Evaluating $\int_{0}^{\infty}(\ln \tan^2 bx)/(a^2+x^2)\ dx$ Some time ago I came across one of the integrals, which still goes over my mind:  
$$\int_{0}^{\infty}\frac{\ln \tan^2(bx)}{a^2+x^2}dx$$ a and b are parameters.  
I would be interested in possible solutions with complex analysis and  without it as well.

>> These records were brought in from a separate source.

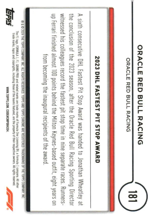 2024 Topps Chrome Formula 1 #181 Oracle Red Bull Racing NM-MT Oracle Red Bull Racing Racing Card
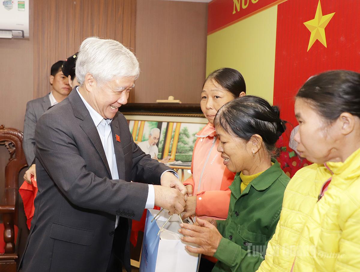 Phó Chủ tịch Thường trực Quốc hội Đỗ Văn Chiến và Chủ nhiệm Uỷ ban Văn hoá - Xã hội của Quốc hội Nguyễn Đắc Vinh tặng quà các gia đình chính sách xã Tân Trào.
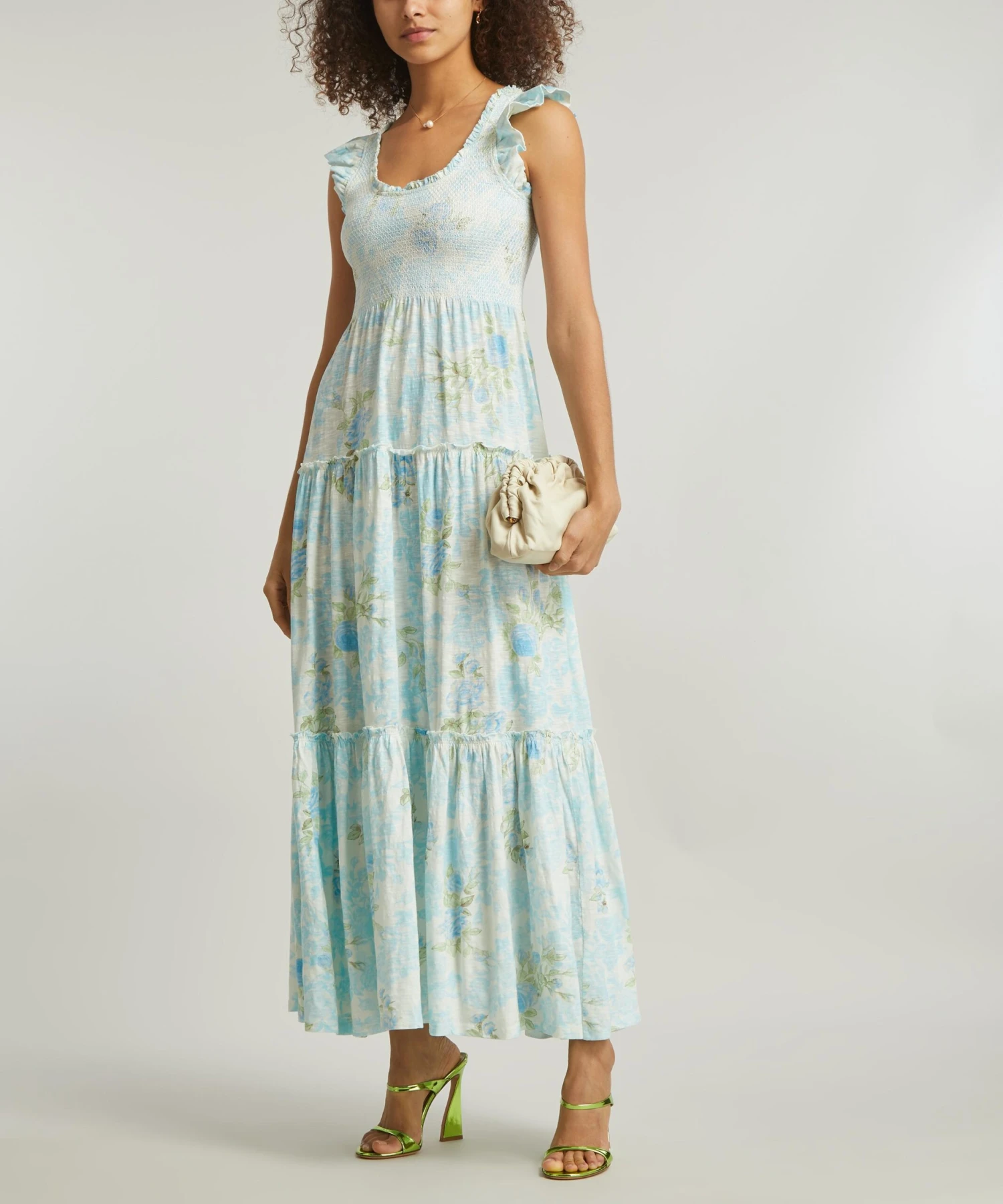 p> Effortlessly romantic with its frills and floral detail, the Chessie maxi-dress from LoveShackFancy showcases the relaxed bohemian spirit of the New York City-based brand. A signature style updated for the new season in the Baby Blue Promise rose print, this airy cotton dress has a fluttery, ruffled short-sleeves and a fitted smocked bodice that flounces into a dreamy, tiered skirt for whimsy finish.

 A: If one can prove that the given integral converges, it's not hard to compute its value. Let's assume from now that the integral does converge. Since $\tan^2(-bx)=\tan^2(bx)$ and $(-a)^2=a^2$, there is no loss of generality in assuming that $a,b>0$. Then
$$
I(a,b)=\int_0^\infty\frac{\ln\tan^2(bx)}{a^2+x^2}dx=2b\int_0^\infty\frac{\ln|\tan x|}{a^2b^2+x^2}dx=b\int_\mathbb{R}\frac{\ln|\tan x|}{a^2b^2+x^2}dx.
$$
Consider the function 
$$
f: \mathbb{C} \to \mathbb{C},\ f(z)=b\frac{\ln|\tan z|}{a^2b^2+z^2}.
$$
Given $n \in \mathbb{N}$, with $0<1/n<ab<n$, we denote by $\Delta_n$ the bounded region of $\mathbb{C}$ whose boundary consists of the segment 
$$
L_n=\{ x-\frac{i}{n}:\ |x|\le n\pi\}
$$ 
and the upper half circle 
$$
\Gamma_n=\{\gamma_n(t)=-\frac{i}{n}+(n+\frac{1}{8})\pi e^{it}: \ 0 \le t \le \pi\}.
$$
The set of poles of $f$ that lie inside $\Delta_n$, 
is $P=\{iab, k\pi/2:\ |k|\le 2n\}$.
For every $k$ with $|k|\le 2n$, $z_k=k\pi/2$ is a pole of order 2 with
$$
\text{Res}(f,z_k)=\lim_{z \to 0}\frac{d}{dz}(z^2f(z+z_k))=0,
$$ 
and since 
$$
\text{Res}(f,iab)=\frac{1}{2ia}\ln\tanh(ab),
$$
we have
$$
\int_{\Delta_n}f(z)dz=i2\pi\text{Res}(f,iab)=\frac{\pi}{a}\ln\tanh(ab).
$$
Hence
$$
\int_{L_n}f(z)dz=\frac{\pi}{a}\ln\tanh(ab)-J_n
$$
with
$$
J_n:=\frac{\pi}{a}\ln\tanh(ab)-in\pi\int_0^\pi e^{it}f((n+\frac{1}{8})\pi e^{it}-\frac{i}{n})dt.
$$
Notice that
\begin{eqnarray}
|J_n|&\le&(n+\frac{1}{8})\pi\int_0^\pi|f((n+\frac{1}{8})\pi e^{it}-\frac{i}{n})|dt\cr 
&\le& \frac{(n+\frac{1}{8})\pi}{((n+\frac{1}{8})\pi-\frac{1}{n})^2-a^2b^2}\int_0^\pi|\ln|\tan((n+\frac{1}{8})\pi e^{it}-\frac{i}{n})||dt\cr
&=&\frac{(n+\frac{1}{8})\pi}{((n+\frac{1}{8})\pi-1/n)^2-a^2b^2}\int_0^\pi\left|\ln\left|\frac{\exp(i(2n+\frac{1}{4})\pi e^{it}+\frac{2}{n})-1}{\exp(i(2n+\frac{1}{4})\pi e^{it}+\frac{2}{n})+1}\right|\right|dt\cr
&\le&\frac{(n+\frac{1}{8})\pi}{((n+\frac{1}{8})\pi-\frac{1}{n})^2-a^2b^2}A_n,
\end{eqnarray}
with
$$
A_n=\int_0^\pi |\ln|e^{i(2n+\frac{1}{4})\pi\cos t}e^{\frac{2}{n}-(2n+\frac{1}{4})\pi\sin t}-1|+|\ln|e^{i(2n+\frac{1}{4})\pi\cos t}e^{-(2n+\frac{1}{4})\pi\sin t+\frac{2}{n}}+1||dt.
$$
$A_n$ is clearly bounded, so we conclude that $J_n \to 0$ as $n \to \infty$, and 
$$
I(a,b)=\lim_{n \to \infty}\int_{L_n}f(z)dz=\frac{\pi}{a}\ln\tanh(ab).
$$